BRIEF DESCRIPTION OF THE DRAWINGS
[0013] The features and the element characteristics of the
invention are set forth with particularity in the appended claims.
The figures are for illustrative purposes only and are not drawn to
scale. Furthermore, like numbers represent like features in the
drawings. The invention itself, however, both as to organization
and method of operation, may best be understood by reference to the
detailed description which follows, taken in conjunction with the
accompanying figures, in which:
[0014] FIG. 1 depicts a prior art semiconductor device 100;
[0015] FIG. 2 depicts the electrical characteristics of the prior
art semiconductor device 100 of FIG. 1;
[0016] FIG. 3 depicts an embodiment of the invention; and,
[0017] FIG. 4 depicts the electrical characteristics of the circuit
of FIG. 3.
DETAILED DESCRIPTION OF THE INVENTION
[0018] The invention will now be described with reference to the
accompanying figures. In the figures, various aspects of the
structures have been depicted and schematically repressed in a
simplified manner to more clearly describe and illustrate the
invention.
[0019] By way of overview and introduction, the invention is
directed to an improved eFUSE with a feedback circuit that prevents
rupturing of the resistor, reduces current through the resistor,
and/or optimizes electromigration through the resistor. In turn,
such improved eFUSE is advantageous because the eFUSE is more
robust to process variation. The resistance of the resistor varies
due to process control. In the prior art, the same current flows
through the resistor no matter the resistance through the resistor.
Therefore, with the prior art, for a narrow width resistor, the
temperature of the resistor increases significantly, which causes
the resistor to rupture, which in turn deteriorates circuit yield,
by contrast, the invention adjust the current through the resistor.
Therefore, the invention prevents resistor rupture, which improves
circuit yield.
[0020] An embodiment of the invention 300 will be described with
reference to the FIG. 3. The embodiment 300 includes a
semiconductor material 110, transistor 120, and a feedback circuit
350. The semiconductor material 110 includes two ends 112a, 112b
separated by a fuse link 114. The transistor 120 includes a source
or drain 122 connected to the wider of the two ends 112a of the
semiconductor material 110 and source or drain that is not already
connected to the wider of the two ends 112a connected to a
substantially zero voltage source, such as ground. The feedback
circuit 350 is connected to the wider end 112a of the semiconductor
material 110. The feedback circuit accomplishes at least, if not
all, of the following: prevents rupturing of the fuse link 114,
reduces current through the fuse link 114, and optimizes
electromigration through the fuse link 114.
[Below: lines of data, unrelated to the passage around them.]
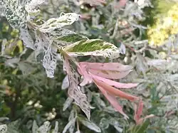 - Salix integra 'Hakuro Nishiki', le saule crevette ou saule arlequin. Le manque de chlorophylle sur les jeunes pousses rend les feuilles blanches avec des nuances de rose, évoquant les couleurs de la crevette[2].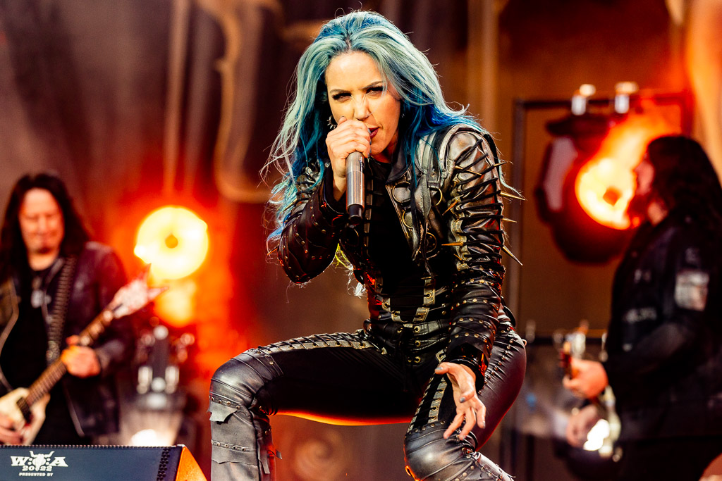 Gerade erst angefangen, ist das WOA 2022 für uns auch schon wieder vorbei. Mit INFECTED RAIN steht unser letzter Act auf der Bühne, der es noch einmal ordentlich krachen lässt. War soeben noch das Headbangen Programm, so hält uns bei INFECTED RAIN nichts mehr. Elena Cataraga steht der Frontfau von ARCH ENEMY in nichts nach und pushed uns eine Stunde lang über den Holy Ground. Vor sich selbst macht das Energiepaket auch keinen halt und fegt wie ein Derwisch über die Bühne, ohne kraftlose Growls, Screams oder cleane Vocals zu offenbaren. Letztere denken wir zuerst als Schwäche ausgemacht zu haben, bis wir verstehen, dass die Sängerin ihre moldawischen Wurzeln stilistisch mit eingebunden hat. Bei „Goodbye“ und „Orphan Soul“ beweist sie eindrucksvoll, dass sie keine gesanglichen Schwächen zu besitzen scheint. Mit der Mischung aus Nu Metal und Melodic Death Metal treibt das Quintett die Fans eine Stunde lang von einem Circle Pit, zum Moshpit und wieder zurück. Bei der Wall of Death merkt man dann doch, dass hier gerade erst eine neue Beziehung entsteht, da eine Ballade nicht die glücklichste Wahl ist und die Todeswand einfach nicht so richtig Ihren Anfang finden will. Das unterstreicht noch mal die Qualität der Band, den Holy Ground mit Neufans dermaßen in Bewegung zu bringen. Wer sich nun motiviert fühlt, in die Band reinzuhören, dem sei gesagt: Geht hin und erlebt sie. Die Alben sind leider sehr clean produziert. Die Kraft dieser Band kommt nur im Ansatz beim Hörer an.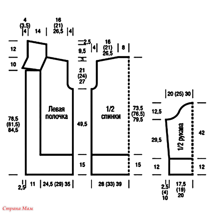 Для скосов прибавить с обеих сторон в следующем 19 (9) 7-м р. 1 х 1 п. и в каждом 18-м р. 3 х 1 п. (в каждом 8-м р. 7 х 1 п. и в каждом 6-м р. 3 х 1 п.) в каждом 6-м р. 7 х 1 п. и в каждом 4-м р. 9 х 1 п. согласно узору. = 68 (86) 102 п.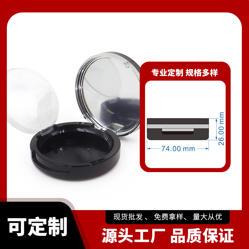 カスタマイズされたラウンドパウダーパック、ポータブルフリップカバーバックルブラッシュボックス、ミラー付きハイライターアイシャドウボックス、ロゴ印刷可能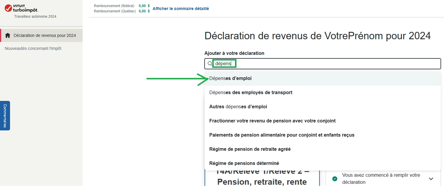 J'essaie de déclarer mes dépenses en tant qu'employé pour l'utilisation d'un bureau à domicile (j'ai le formulaire rempli par mon employeur) mais où dois-je le déclarer ?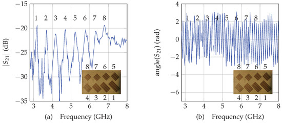 Response of the chipless tag in cross polarization [18] in (a) magnitude and (b) phase as a function of the frequency.

[0021] The feedback circuit 350 of FIG. 3 includes two additional
transistors 320a, 320b and an inverter 370. One of the additional
transistors 320a has either a drain or source 322a connected to the
wider end 112a of the semiconductor material 110 and the gate 324a
connected to the input of the inverter 370. Such transistor 320a is
known as a pass transistor. The other transistor 320b has a gate
324b connected to the output of the inverter 370, either a drain or
source 322b connected to the other of the drain or source of
transistor 320a, and the other of the source of drain 322b
connected to a substantially zero voltage source, such as ground.
Such transistor 320b is known as pull off or blow out transistor.
Often the pull off transistor 320b is a NMOSFET.
[0022] The transistors 120, 320a320b of FIG. 3 are either "on" or
"off." Whenever the pass transistor 320a is "on," the pull off
transistor 320b "off, " and the programming transistor 120 is also
"on." On the contrary, whenever the pass transistor 320a is "off,"
the pull off transistor 320b is "on", and the programming
transistor 120 is also "off."
[0023] FIG. 4 depicts the electrical characteristics of the circuit
of FIG. 3. Note that when the resistance through the fuse link 114
is low 432, the circuit of FIG. 3 behaving as the prior art circuit
of FIG. 1, namely the current through the fuse link 114 remains
constant. In this state, the programming transistor 120 is "on,"
the pull off transistor 320b is off, and the pass transistor 320a
is "on," the pull off resistance through the fuse link 114 is high
434, the circuit of FIG. 3 behaves differently than the prior art
circuit of FIG. 1. More specifically, when the resistance through
the fuse link 114 is high 434, the current through the fuse link
114 reduces, which prevents rupture of the fuse link 114. In this
state, the programming transistor 120 is "off," the pull off
transistor 320b is off, and the pass transistor 320a is "on."
[0024] Unlike the prior art depicted in FIG. 1, the embodiment
depicted in FIG. 3 prevents rupturing of the fuse link 114, which
in turn improves circuit yield.
[0025] The invention solves the aforementioned problems associated
with a prior art eFUSE. More specifically, the invention prevents
rupturing of the fuse link, reduces current through the fuse link,
and optimizes electromigration through the fuse link.
[0026] While the invention has been particularly described in
conjunction with a specific preferred embodiment and other
alternative embodiments, it is evident that numerous alternatives,
modifications and variations will be apparent to those skilled in
the art in light of the foregoing description. It is therefore
intended that the appended claims embrace all such alternatives,
modifications and variations as falling within the true scope and
spirit of the invention.
* * * * *